Эта творческая энергия, перед которой художник чувствует себя смиренным послушником, порой перерастает саму его эмпирическую личность и становится для него источником познания не только мира, но и себя самого. У Марины Цветаевой была мысль о том, что бытие само «ищет уста», через которые оно готово «сказать себя миру».

Логос творчества

Эти моменты творческого перерастания художником самого себя как эмпирического человека были известны Пушкину. Уж кто-кто, а Пушкин знал про поэта, что, пока его не востребует вдохновенье, «средь детей ничтожных мира, быть может, всех ничтожней он». Его известное восклицание «Ай да Пушкин, ай да сукин сын!» после написания «Бориса Годунова» вряд ли может быть интерпретировано так, как это сделал один священник, автор книги о творчестве, увидевший в этом выражение гордыни поэта. Напротив, эта «юродивая» фраза может свидетельствовать о том неподдельном удивлении художника перед тем, что у него получилось и что превысило его собственные поэтические намерения и возможности.

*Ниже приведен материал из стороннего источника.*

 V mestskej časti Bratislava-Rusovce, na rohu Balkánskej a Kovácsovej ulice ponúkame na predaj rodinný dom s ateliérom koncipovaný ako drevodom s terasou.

Это же изумление звучит и в его словах к П. Вяземскому («Ты не представляешь, что “удрала” моя Татьяна (Ларина.— О.Н.),— она вышла замуж»). Впрочем, наивно было бы полагать, будто герои начинают анархично действовать, вовсе не принимая во внимание автора,— напротив, все их поведение подчиняется телеологической логике художественного произведения, а именно той форме, которая, по словам К. Леонтьева, не дает материи разбегаться и заложником которой оказывается и сам автор.

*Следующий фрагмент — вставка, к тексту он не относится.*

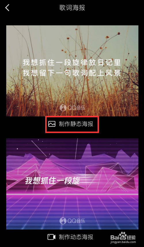 在歌词海报本家儿页下,找到【建造静态海报】选项,如图所示,点击该选项,进入海报建造!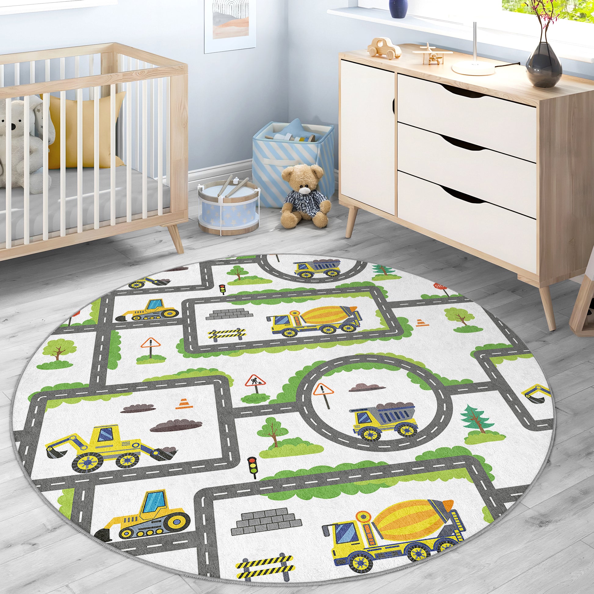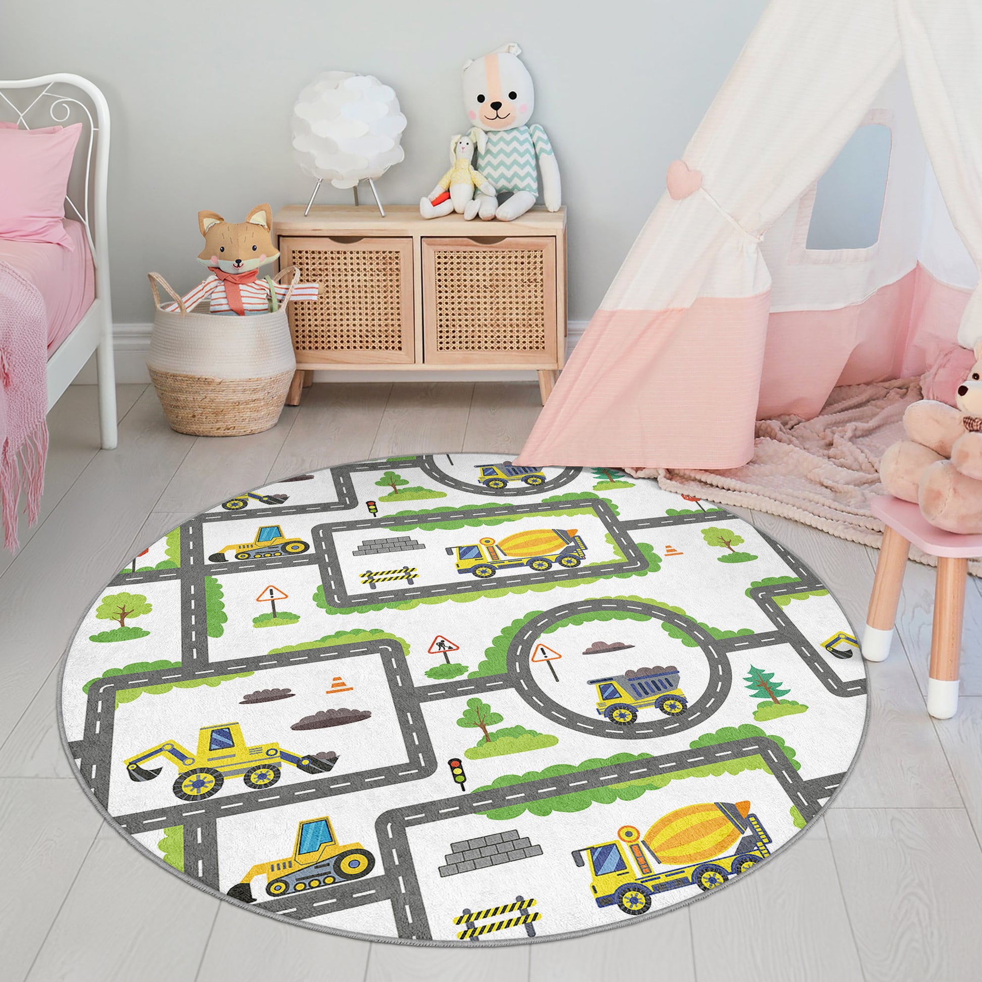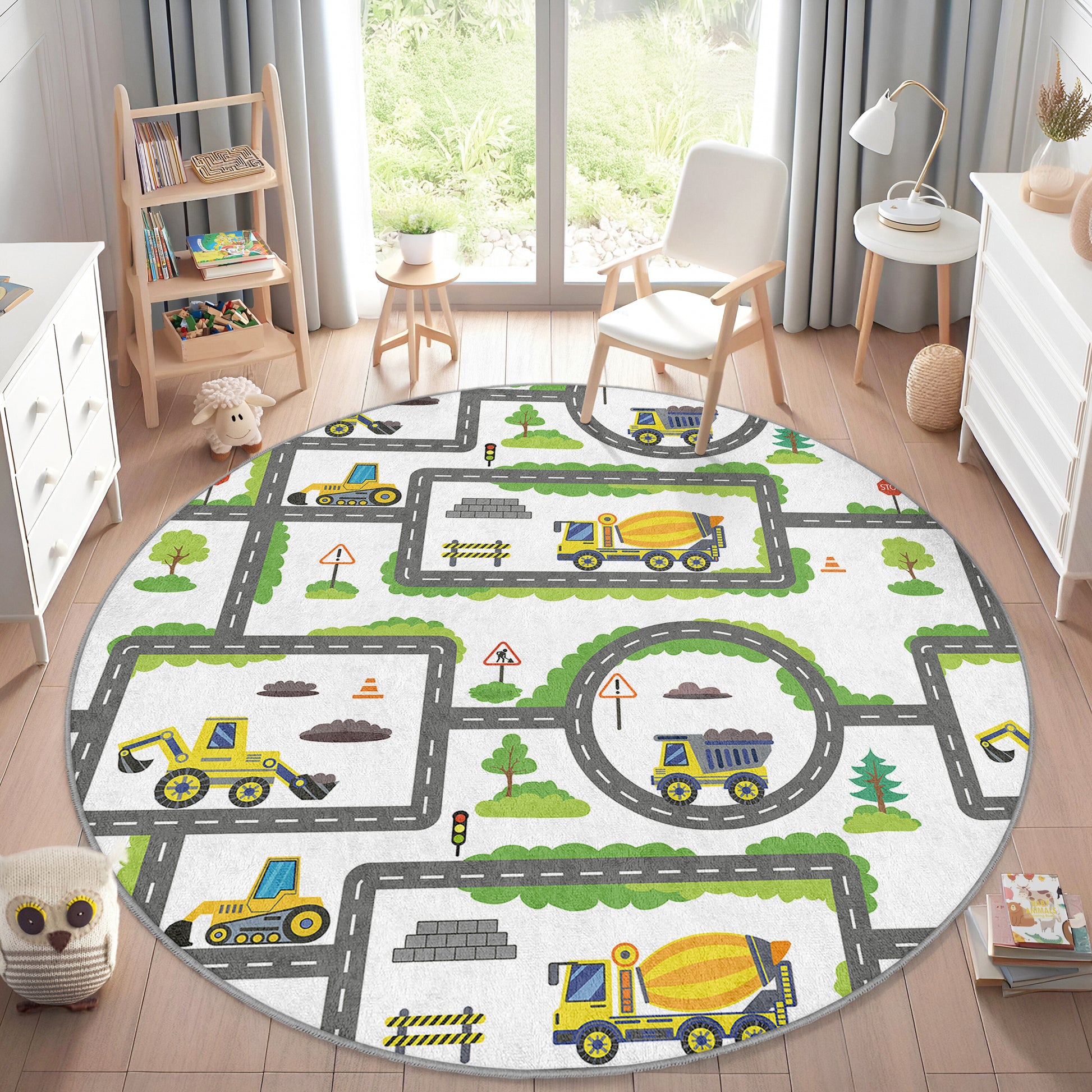 Construction Design for Boys Room Design Washable Anti-Slip Kids Round Rug Multifunction as Non Slip Play Mat - Perfect for Bedrooms, Playrooms & Nurseries - Durable, Safe, & Easy to Clean for Boys & Girls 324

Однако форма для автора не есть данность, а есть нечто заданное — то, что должно быть актуализировано, и в то же время то, что, еще и не будучи реализованным, предъявляет автору свои жесткие требования. Здесь мы сталкиваемся с теми странными взаимоотношениями между художником и его произведением, между творцом и творением, которые никак не могли бы быть столь непредсказуемыми, имея в виду строгий и стройный замысел, если бы в самом процессе творчества не была бы задействована, помимо личности творца, еще некая иррациональная сила, свободная и могучая, дающая такую жизнь и свободу и произведению, и его персонажам, что они без воли автора могут совершать самые неожиданные вещи, даже «выходить замуж». Это и есть самый загадочный момент творчества.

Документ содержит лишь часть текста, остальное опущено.